2H12346 SMITH BILL --new record for with contract number, last/first name for Bill Smith
3H19600901 --Bill Smith's birthdate
After I import the file into a landing table, each part of the customer data is in it's own record just like in the file
RESULT I NEED:
I need to create one record for each customer in the file:
COMPANY_CONTRACT_ID CUSTOMER_CONTRACT_ID FIRST_NAME LAST_NAME BIRTHDATE
5826 1234 Mary Jones 1950-11-15
5826 1236 Bill Smith 1960-09-01
I'm having a hell of a time trying to get the data into one single record. Any ideas as to how I might do this?
Hopefully I didn't confuse anyone. I can honestly say i've never worked with a file which had header/details rows like this before.

Viewing 8 posts - 1 through 7 (of 7 total)

You must be logged in to reply to this topic. Login to reply

frederico_fonseca SSCoach Points: 16155 More actions · Answer 1

The following is one way of doing it.

Requires that you load the files onto a staging table with a identity column and 2 other columns, reckey and data as per below example - load must not be done in parallel.

Note that the output below does not match your desired output as I do believe you added a extra number on the second customer id.
This is just one way - not necessarily the best one.
If your fields are fixed size then the charindex below isn't required as you can just split directly based on the position of each field.
also assumes that there will always be a record type of 2H to be able to identify which Customer the date of birth relates to.
similar for the 1H record.

And obviously that the input file will always be on the correct order - although this is pretty standard on these type of files.
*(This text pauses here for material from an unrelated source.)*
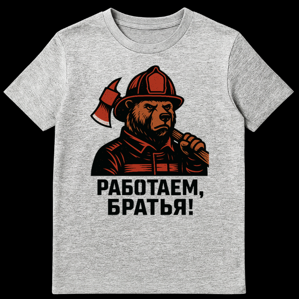 Unleash your inner strength with our ‘Let’s Work, Brothers!’ T-shirt, featuring a powerful and symbolic design. The central figure is a stern-faced bear, a creature often associated with strength and resilience in Russian culture, proudly donned in a firefighter’s helmet and uniform. It holds an axe resolutely over its shoulder, a classic tool of the trade, signaling readiness and determination.

if object_id('tempdb..#input') is not null drop table #input create table #input ( inputrecord varchar(2000) ) insert into #input select '1H582620172018' insert into #input select '2H1234 JONES MARY' insert into #input select '3H19501115' insert into #input select '2H12346 SMITH BILL' insert into #input select '3H19600901'

if object_id('tempdb..#staging') is not null drop table #staging

create table #staging ( rowid int identity (1, 1) , reckey char(2) , data varchar(2000) )
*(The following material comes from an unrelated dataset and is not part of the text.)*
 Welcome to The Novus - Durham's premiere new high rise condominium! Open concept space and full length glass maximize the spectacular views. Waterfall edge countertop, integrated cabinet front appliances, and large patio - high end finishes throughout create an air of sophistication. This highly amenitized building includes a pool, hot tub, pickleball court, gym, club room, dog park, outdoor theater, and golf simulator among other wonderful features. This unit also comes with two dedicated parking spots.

insert into #staging select substring(i.inputrecord, 1, 2) as reckey , substring(i.inputrecord, 3, 2000) as data from #input i

create clustered index #staging_ix1 on #staging (rowid )

create nonclustered index #staging_ix2 on #staging (reckey , rowid ) include (data)

select max(t.company_contract_id) as company_contract_id , t.customer_contract_id , max(substring(t.names, charindex(' ', t.names) + 1, 100)) as first_name , max(substring(t.names, 1, charindex(' ', t.names) - 1)) as last_name , max(t.birthdate) as birthdate from (select substring(sub2h.data, 1, charindex(' ', sub2h.data) - 1) as customer_contract_id , substring(submain.data, 1, 4) as company_contract_id , substring(sub2h.data, charindex(' ', sub2h.data) + 1, 200) as names , case when main.reckey = '3H' then convert(date, substring(main.data, 1, 8), 112) else null end as birthdate

from #staging main outer apply (select top 1 * from #staging st2 where st2.rowid <= main.rowid and st2.reckey = '1H' order by st2.rowid desc ) submain outer apply (select top 1 * from #staging st2 where st2.rowid < main.rowid and st2.reckey = '2H' order by st2.rowid desc ) sub2h where sub2h.reckey is not null ) t group by t.customer_contract_id

Jeff Moden SSC Guru Points: 1004356 More actions · Answer 2

Polymorphist - Friday, June 1, 2018 7:27 PM
Hello All,
I'm not quite sure how to explain my situation without confusing the living hell out of everyone but i'll do my best here.
I have a flat file which contains one single header row and multiple detail rows. The detail rows are for customer data, the header row contains the contract number and the start year and end year which covers the data.
FILE:
Here is what the file looks like when I open it in Notepad++:
1H582620172018 -- this is the header which always starts with "1H". It contains the company contract number (5826)
2H1234 JONES MARY --this is the customer contract number and customer last/first name for Mary Jones. Always starts with "2H"
3H19501115 --this is the customer birthdate for Mary Jones. Always starts with "3H"
2H12346 SMITH BILL --new record for with contract number, last/first name for Bill Smith
3H19600901 --Bill Smith's birthdate
After I import the file into a landing table, each part of the customer data is in it's own record just like in the file
RESULT I NEED:
I need to create one record for each customer in the file:
COMPANY_CONTRACT_ID CUSTOMER_CONTRACT_ID FIRST_NAME LAST_NAME BIRTHDATE
5826 1234 Mary Jones 1950-11-15
5826 1236 Bill Smith 1960-09-01
I'm having a hell of a time trying to get the data into one single record. Any ideas as to how I might do this?
Hopefully I didn't confuse anyone. I can honestly say i've never worked with a file which had header/details rows like this before.

This can all be done during the actual import. What and where are the delimiters in each of the lines in the file and what is the end of line marker?

--Jeff Moden

RBAR is pronounced "ree-bar" and is a "Modenism" for Row-By-Agonizing-Row.
First step towards the paradigm shift of writing Set Based code:
________Stop thinking about what you want to do to a ROW... think, instead, of what you want to do to a COLUMN.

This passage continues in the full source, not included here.